And other words reviewers use.
Sure, it was published in 1997. Sure, I've had it on my bookshelf probably since then.
No matter, I just finished reading it last month and loved it. In fact, I appreciate it so much that it kept me up at night. I'd start reading before I went to bed (around midnight) then I'd stay up reading until 2 and 3 in the morning. I'd wake up the next morning thinking about Rob on top of that mountain, unable to come down. I'd walk to my car thinking of the Hillary Step and wondering how big it is (40 feet of snow at 28,750 feet) and if Edmund Hillary knew that it would forever be known for him. (If there were a Daugherty Step it would be the three stair drop covering the turn in the stairway that led to my bedroom in Marion. I used the floor-to-ceiling pole next to the stairs to aid my rapid descent.)
For Christmas I want a yak, an ice axe and crampons.
In keeping with the survival theme, I started reading Alive, by Piers Paul Read this week. (The copy, given to me by a friend who I'm sure did not read it, is yellowed and horribly typeset.) The story itself is far more harrowing than the Everest disaster of 1996, which is was Into Thin Air is about. But the writing isn't as good, so the book isn't quite the page turner that Into Thin Air is.
Mostly, I find myself reading the first few sentences of each graph and then skipping the rest. The writing doesn't have enough momentum to carry its readers, so I'm just looking forward to the end and finding out who survives, how they're found, how many of their dead friends they have to eat.
It's interesting: Both books start out essentially the same way - you know what ultimately happens (who dies) well before the end of the book, so neither are "what happens at the end" type of books. But Krakauer in Into Thin Air propels the story through his writing, building characters, creating suspense, etc., while Read approaches it more textbook-like, i.e. Here's what happens first, then this happens, and after that this happens. So far (nearly halfway), it's not that great of a read. But the story is pretty awesome.
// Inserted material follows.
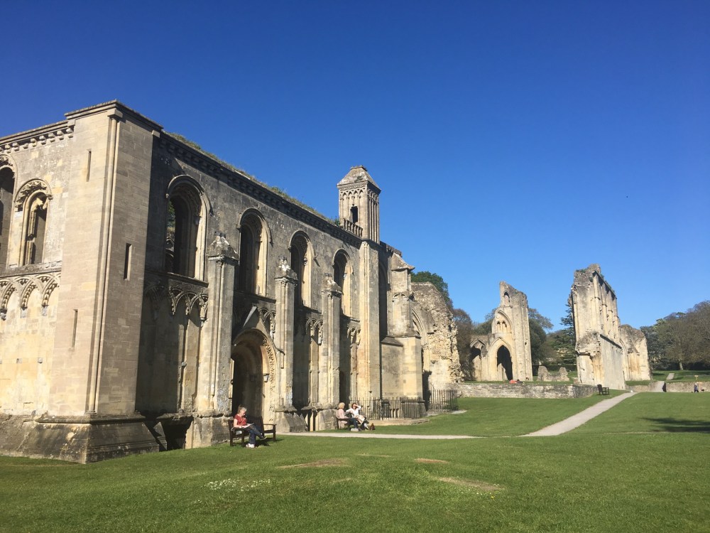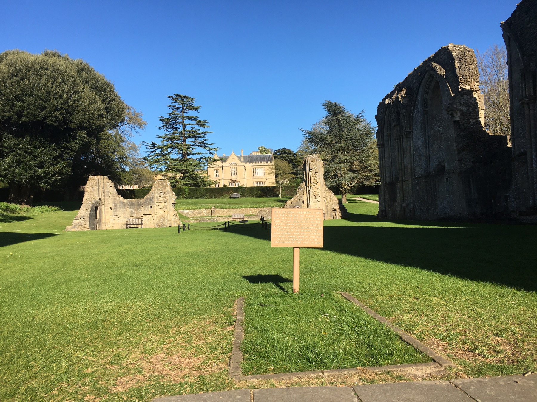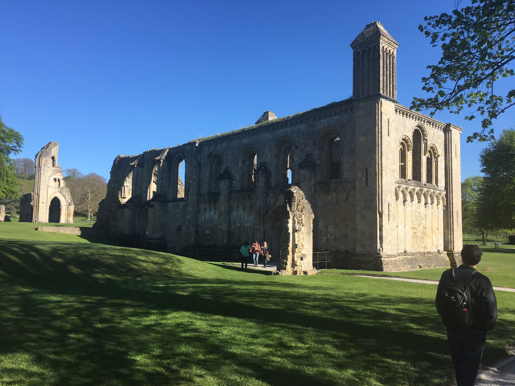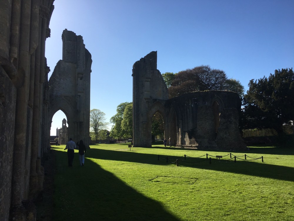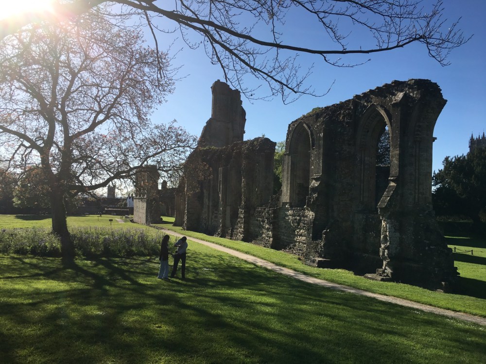 Nous voici sur le site de Glastonbury Abbey, véritable havre de paix au centre de la ville. La quiétude et la spiritualité du lieu (et la douceur printanière aussi, nous ne le nions pas !) nous ont totalement envoûtés. Berceau du christianisme en Angleterre, l’abbaye fut fondée en l’an 700 par des moines qui ne démentirent jamais les légendes associant Glastonbury au Roi Arthur, sa femme Guenièvre et le Saint Graal. Ca tombe bien car les prétendues tombes des deux époux ont été retrouvées en 1191 et officialisées par une gigantesque inhumation en 1298. Le sanctuaire ne cessa d’agrandir sa renommée et ses bâtiments à partir de cette date… pour s’arrêter en 1539 avec Henri VIII et la Réforme protestante. Devenue carrière de pierres de construction ensuite, active jusqu’au XIXe siècle, l’abbaye, miraculeusement, nous offre encore de quoi imaginer sa magnificience de l’époque.

An interesting complaint here: Aside from the fact there is virtually no character development (meaning that when they do die, I don't really care too much), is that there isn't enough detail as to them eating their friends. I'd like more specifics, such as how they cracked through the bones, if the others who didn't cut the meat knew who they were eating, if there was any method to who was eaten first and if different parts of the body tasted better than others. (Leg meat vs. back meat. Hearts vs. liver.) Because if you haven't read the book (and I don't think I'm giving anything away here), they eat everything except for the head, skin, lungs and genitals. (So that's a-go on the heart, kidneys and intestines.)
In a less death-defying note, I bought Cash by Johnny Cash this weekend at the new Borders in Crestview Hills. It'll probably be only five or ten years before I read it.